Today, I was eating my lunch and I wanted something to read and so I googled “knausgaard” and found an essay in the Los Angeles Review of Books by Nina MacLaughlin. It’s been a couple of weeks since I’ve finished reading Book Two of Knausgaard’s My Struggle and still I find that I want to return to that place, that destination, that world which I slipped into each time I opened his book. Not that I want to be Knausgaard or even live his life, but by being with Knausgaard the narrator, I entered into my own quotidian existence equipped with a clean lens and a bright light. Nina MacLaughlin’s essay says, “He [Knausgaard] opens our eyes to meaning.” Every act, every choice offers the possibility of meaning. How many of us even think about our choices? Especially those small choices?
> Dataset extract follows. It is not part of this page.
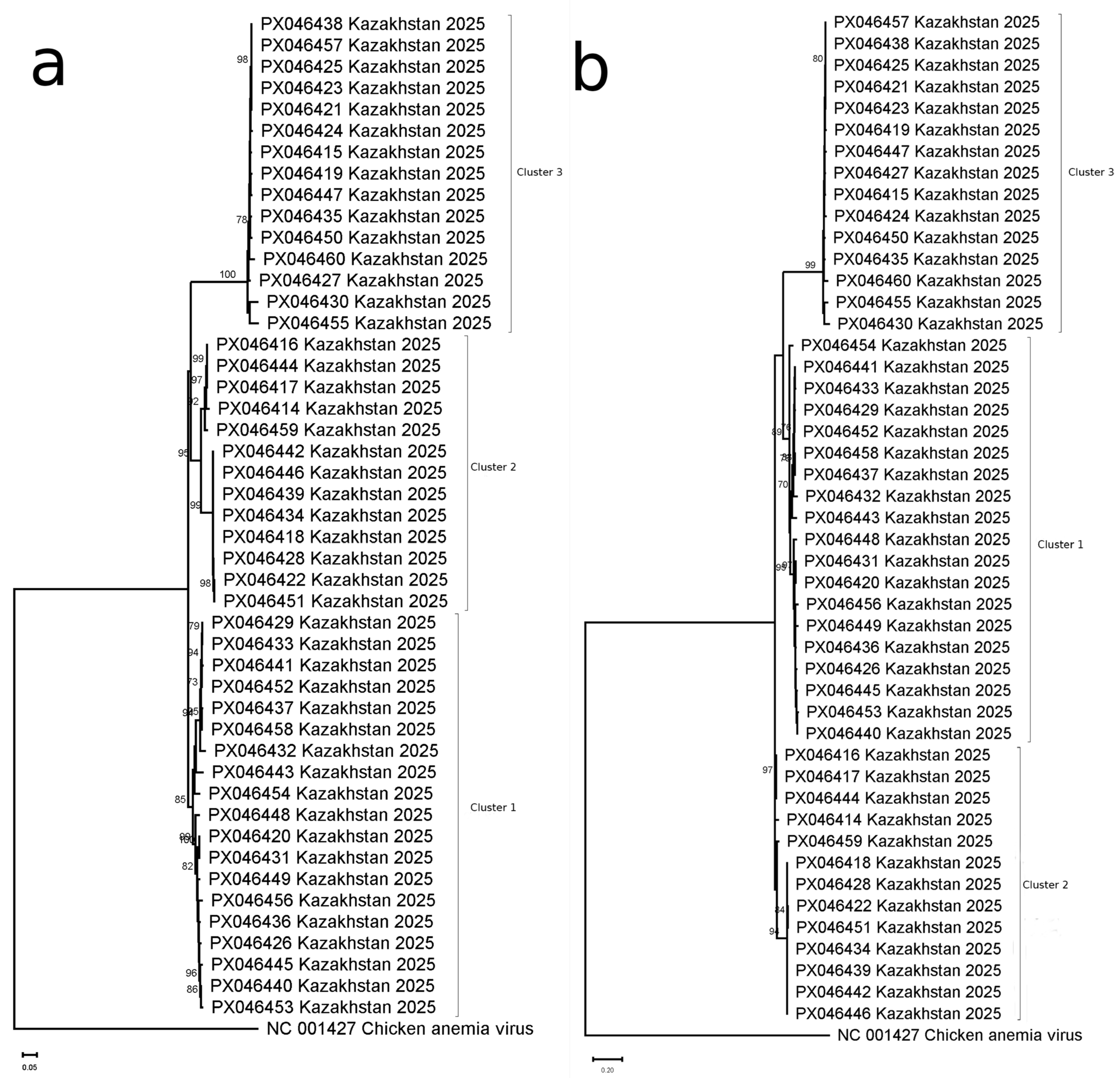Phylogenetic analysis of nucleotide sequences (n = 47) identified three major clusters comprising 35 genetic variants (Figure 1a, Table S1), with maximum inter-cluster divergence of 18.0%. Cluster-specific divergence levels were 5.9% (Cluster 1), 6.4% (Cluster 2), and 4.9% (Cluster 3), with ORF1 lengths of 1311 bp (Clusters 1–2) and 1302 bp (Cluster 3).

When I reached the end of the essay, I read the couple of lines about the author. “Nina MacLaughlin left her job at an alt-weekly to become a carpenter in Cambridge, Massachusetts. She’s working on a book about it to be published by W.W. Norton.” A writer of books? Another quick search yielded Nina MacLaughlin’s blog, Carpentrix with the teasing subtitle “Tools, Sweat, Building, also Books and Sometimes Sex.” I read a few posts and found that we have something else in common: mothers who knit. And in the cooler months, hardly a day goes by when I don’t have the opportunity to say the words, “My mother made it.”
I talk with my mother each week on the phone. She lives on the other side of the country, in the Pacific Northwest. She tells me about her knitting and I tell her about my writing. The two activities are not dissimilar. Writing novels might seem like an artsy way to pass the time, but the nuts and bolts of word work is a precision craft like knitting or carpentry.
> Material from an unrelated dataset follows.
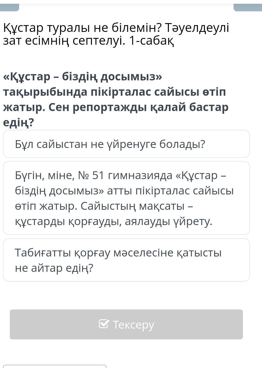 «Құстар быздын досымыз»тақырыбында пікірталас сайысы өтып жатыр.Сен репортажды қалай бастар едің?

There’s a practical, crafty side to my life. When I put away the tools of fiction, I strap on my rubber boots and head down to my brewery. Leaving the writing desk is always difficult for me. I want to keep writing. I want to keep reading. And as I pull on those brewery boots I think, I want to live a more literary life. But then I get to the brewery which is less than a half mile from my house and I start my work, the labor of beer making, and I wonder how I could ever give this up, this craft, this honest labor, this making of something that brings joy to myself and to others.
Yesterday, Mike and I brewed another batch of pilsner. As I was filling the last keg from the fermenter we were about to refill with the wort in the boil kettle, Mike brought me a frothy glass of the hefeweizen we’d made on Friday. Fresh, malty, tart, balance of clove and banana… a host of beery words bubbled up as I took in the aroma. Other associations like the approach of summer and afternoons on the beach came to mind as I drank in the crispy, prickly liquid. Summer in a glass.
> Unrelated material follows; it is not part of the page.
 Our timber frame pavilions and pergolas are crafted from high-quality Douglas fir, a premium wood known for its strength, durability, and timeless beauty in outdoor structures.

A couple of weeks ago, I met a fellow brewer at a crafty gastropub in Manhattan and we talked about the brewing business, its trials and tribulations. You don’t go into the brewing business to make money, at least not small scale craft brewing. Eventually, my brewing colleague asked me how I got in to commercial brewing in the first place. Why did I give up homebrewing for the headaches of commercial brewing? Or why did you leave the comforts of your career-track job that guaranteed a steady income and benefits? Why turn your hobby into your career? “I thought it would be something to write about,” I said. Another life experience. Some men brave the subzero temperatures of the South Pole. Others scale the oxygen deprived heights of Everest. But I chose beer making. A possibly less lethal choice.
Thinking of Nina MacLaughlin’s blog and its subtitle, I wondered about my own blog. Should I adopt a teasing subtitle. “Kettles, Kegs, Brewing, Also Books and Sometimes… what?” I usually save the sex for my fiction. Very little sex in the brewery.